Prior to the crash, Grossman and Erickson had been drinking cocktails at a nearby restaurant, Julio's Agave Grill, according to court records. Grossman was separated from her husband, Peter, at the time.

Joining them was another retired baseball player, Royce Clayton, who testified that Erickson drank two margaritas and Grossman one. They all agreed to meet afterward at Grossman's home and watch a presidential debate, he said.

Clayton, now the baseball coach at Oaks Christian School in Westlake Village, testified that he never went to Grossman's home because he learned of the crash after speaking with Erickson by phone a few hours later. When asked whether he was still friends with Erickson, who has denied any wrongdoing, the former All-Star shortstop said, "No."

"I have kids. ... I just don't understand how he could be so negligent and be responsible for running down kids," Clayton said.

Read more: Tearful mom describes horror as car sped through intersection, killing her 2 sons

The remark ignited such concern that Clayton asked to be put back on the witness stand to make clear he was not implicating Erickson.

After strong objections from Grossman's legal team, Los Angeles Superior Court Judge Joseph Brandolino on Thursday said prosecutors could not recall Clayton. Clayton left the courthouse loudly complaining to an attorney that he wanted the jury to understand his words.

Prosecutors have not charged Grossman with driving under the influence, but a criminalist testified Friday that blood work taken three hours after the crash registered her blood alcohol level at 0.08%. She also had Valium in her system at the time of the fatal incident, prosecutors allege.

Jurors repeatedly watched video of a sobriety test given to Grossman, though Deputy Michael Kelley conceded that he did not follow exact national standards, including requiring that she walk a line and timing her during a one-legged stand.

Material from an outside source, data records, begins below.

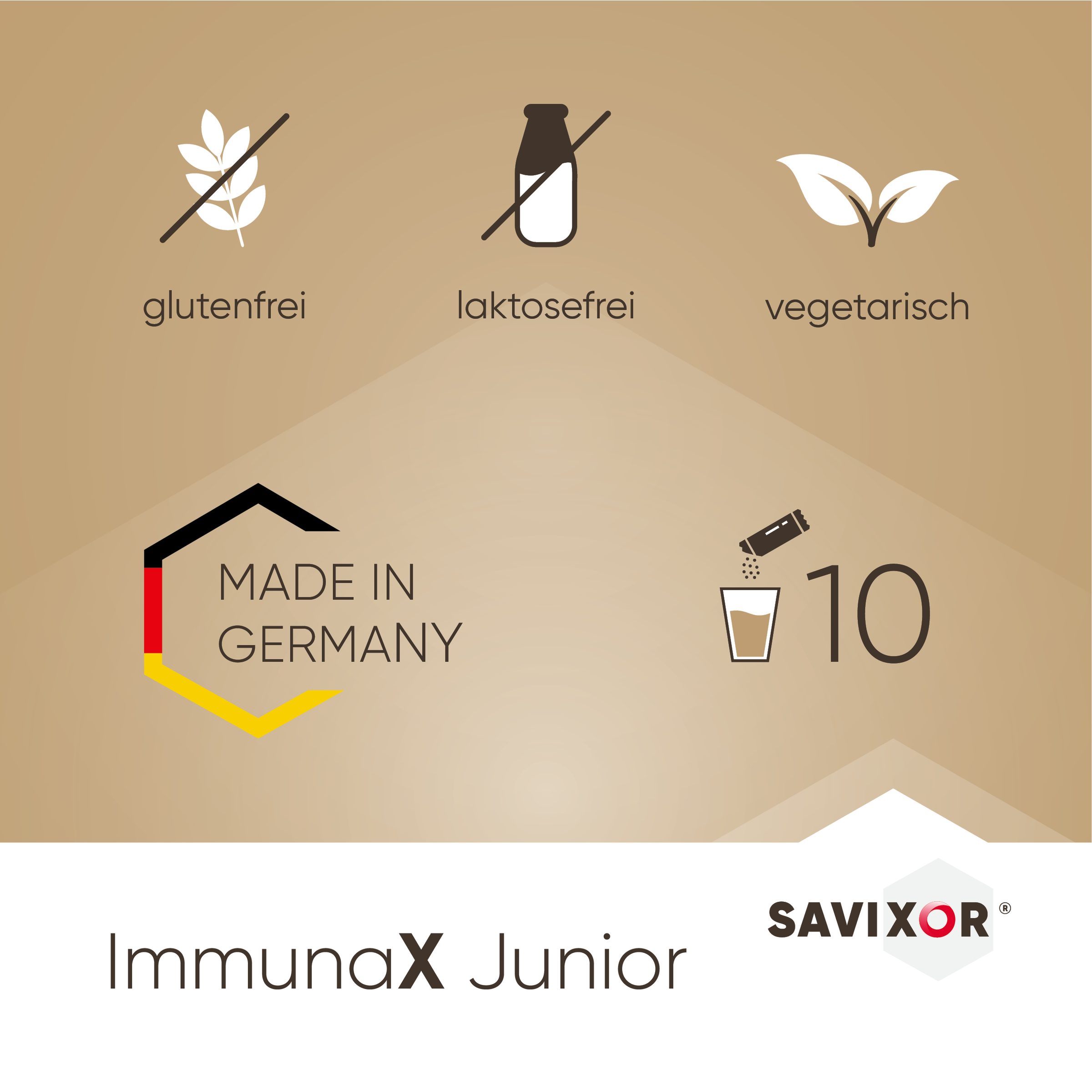 Das Produkt ImmunaX Junior enthält keine Allergene (gemäß Verordnung (EU) Nr. 1169/2011), keine GVO, ist gluten- sowie laktosefrei und für Vegetarier geeignet.
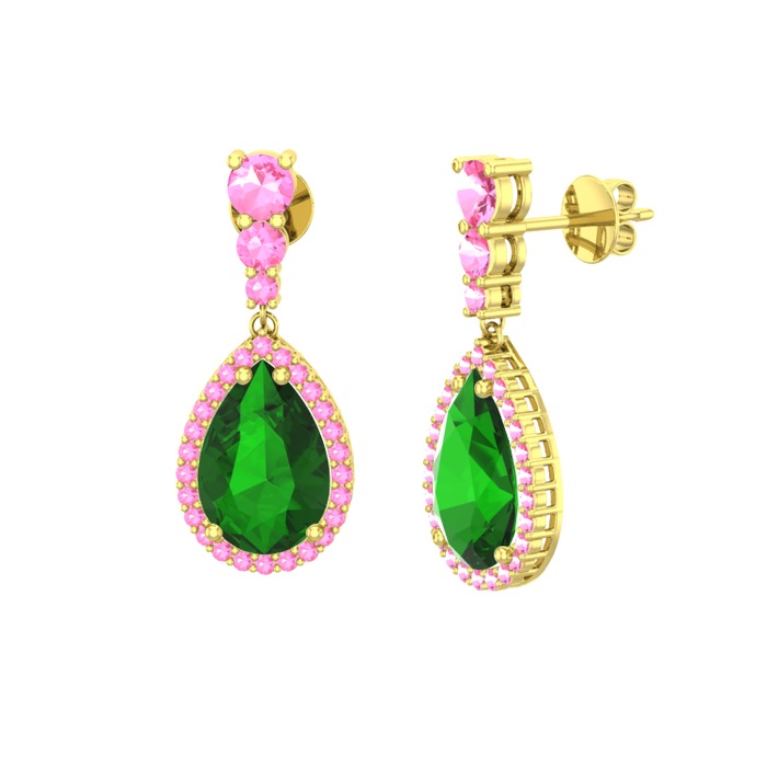 Yeşil kuvars ve pembe kuvars 925 ayar altın kaplama gümüş küpe
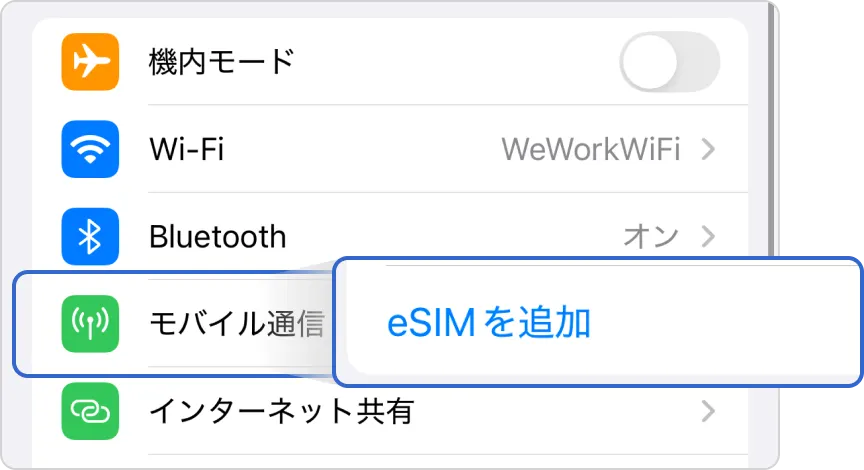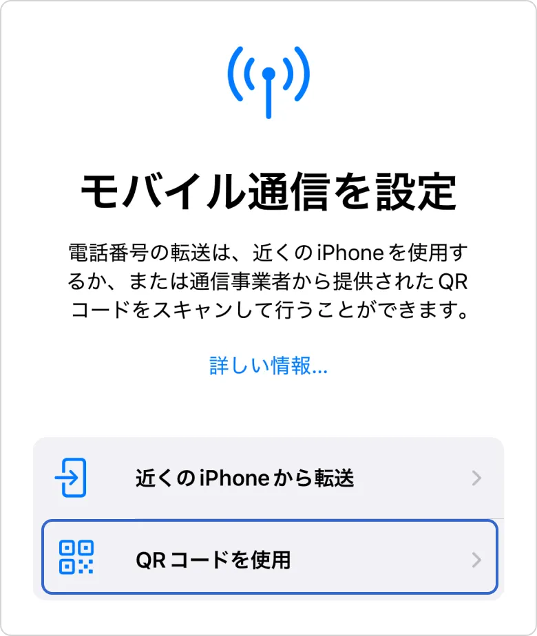 1. 「設定」→「モバイル通信」→「eSIMを追加」→「QRコードを使用」をタップしてください。
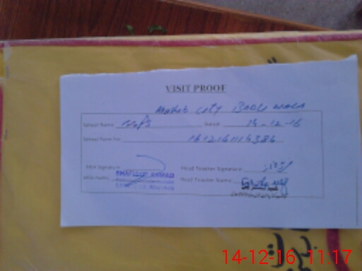 | Attendance Register | Head Teacher | MEA with School | Visit Proof |
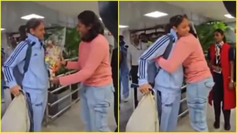 22 सेकेंड के इस बेहद ही प्यारे वीडियो में देखा जा सकता है कि सजीवन संजना एयरपोर्ट पर भारतीय टीम के स्वागत में खड़ी होती हैं और एक-एक करके सभी खिलाड़ियों से हाथ मिलाकर और गले मिलकर उनका स्वागत करती हैं। इसी बीच जैसे ही सजीवन संजना के सामने कैप्टन कौर आती हैं, वो बेहद ही रोमांटिक अंदाज़ में उन्हें फूल का गुलदस्ता देकर केरल में उनका स्वागत करती हैं। आप ये वीडियो नीचे देख सकते हो।
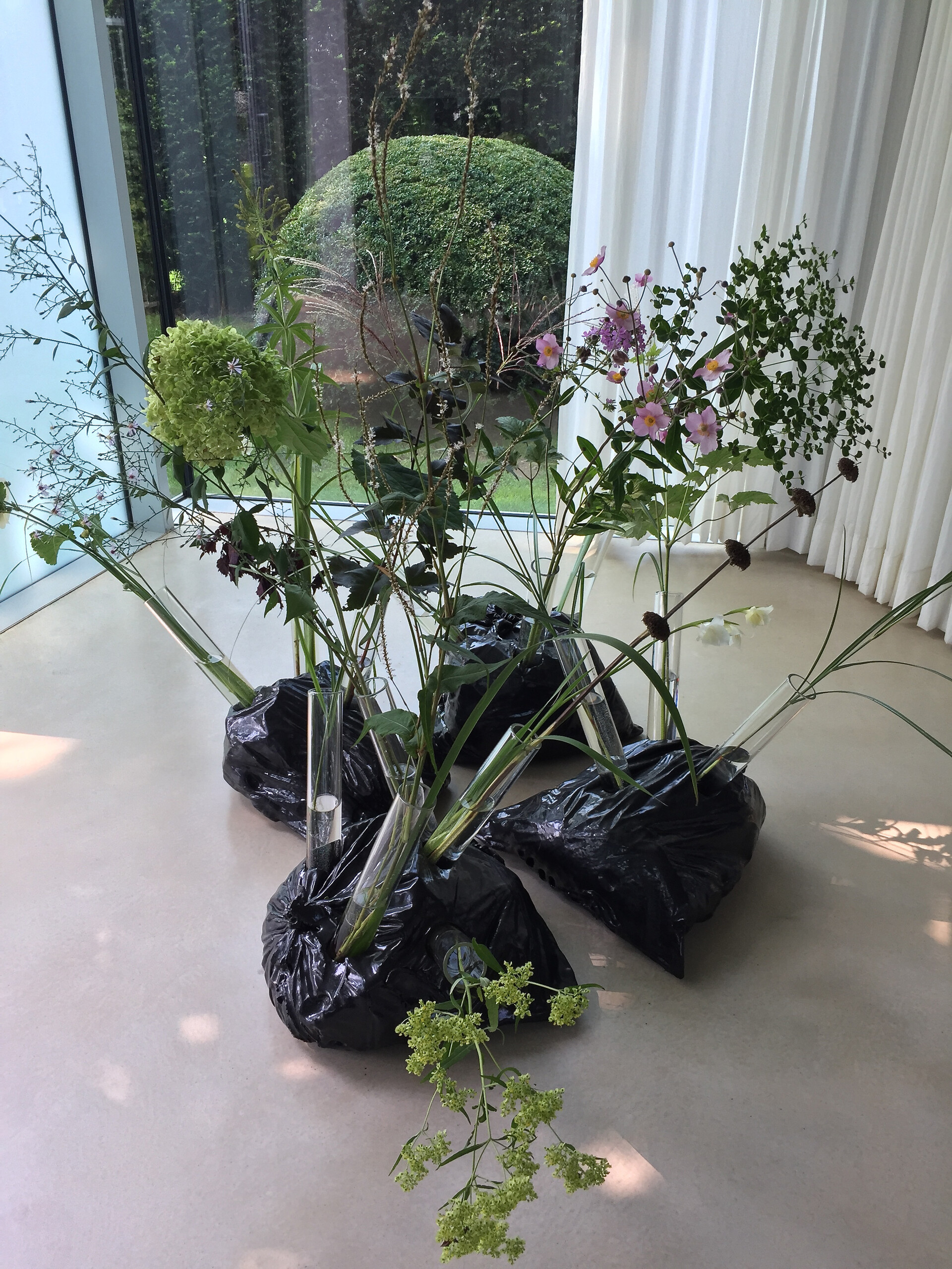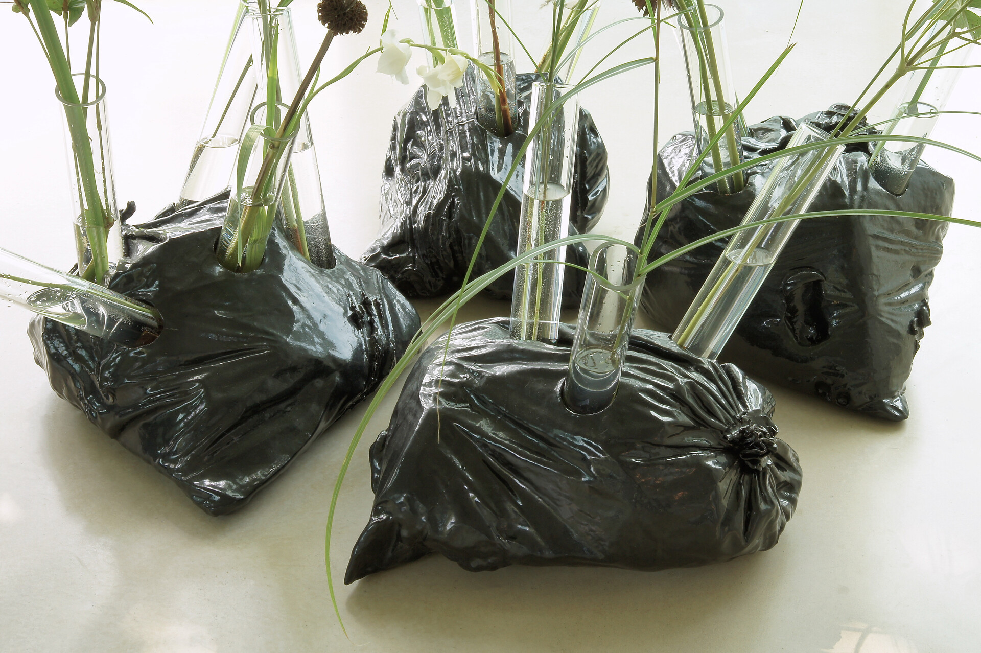 Zonder titel groep van 4 vaasbeelden vuilniszak, zwart 2016
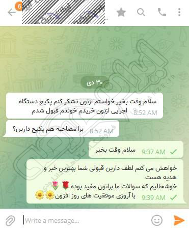 رضایت کاربر تلگرام از محصولات ایران عرضه برای سیزدهمین آزمون استخدامی فراگیر 27 شهریور 1404
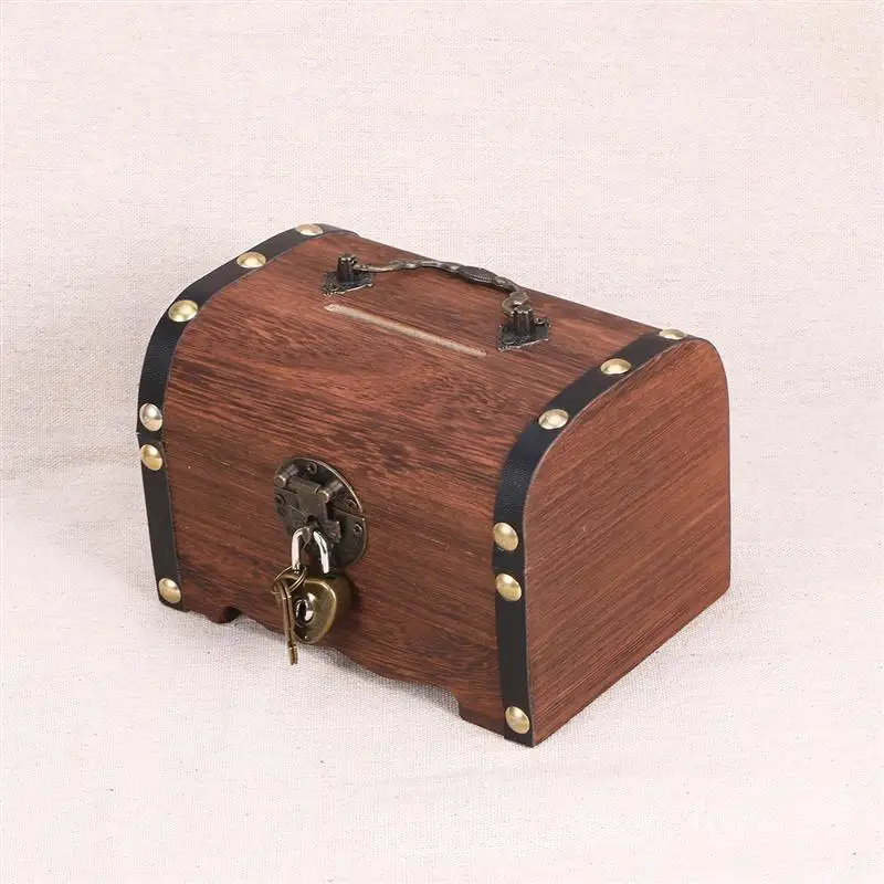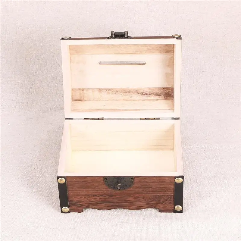 Archiwalne pudełko do przechowywania skarbów skarbonka Organizer skarbonka z zamkiem do domu Retro drewniane pudełko na monety skrzynia skarbów prezenty

But prosecutors don't need to show she was impaired. To get a second-degree murder conviction, Gould and fellow Deputy Dist. Atty. Jamie Castro must prove that Grossman acted with implied malice and knew the act of driving at a high speed in a residential area was dangerous to human life.

Read more: Rebecca Grossman trial: Lawyer says police didn't check other car in crash that killed 2 brothers

Next week, prosecutors plan to present evidence from a black-box data recorder that a deputy previously testified shows Grossman reached up to 81 mph moments before the crash.

Buzbee, however, said that his experts will show the data are unreliable and corrupted.

The defense plans to call Alexis Grossman, the defendant's daughter, to testify she saw Erickson in the bushes after the crash. Grossman's team will also need to substantiate a claim made during opening statements that Erickson was driving a 2016 AMG Mercedes SUV with a V8 engine, not a 2007 Mercedes SUV as he told authorities.

Buzbee in pretrial motions sought approval to enter photos of the 2016 vehicle into the record.

"We are far ahead of where we thought we would be at this point, mainly because of the evidence elicited during cross-examination of almost every witness," he told The Times.

"We look forward to presenting our side of the case at some point. Where is Scott Erickson?"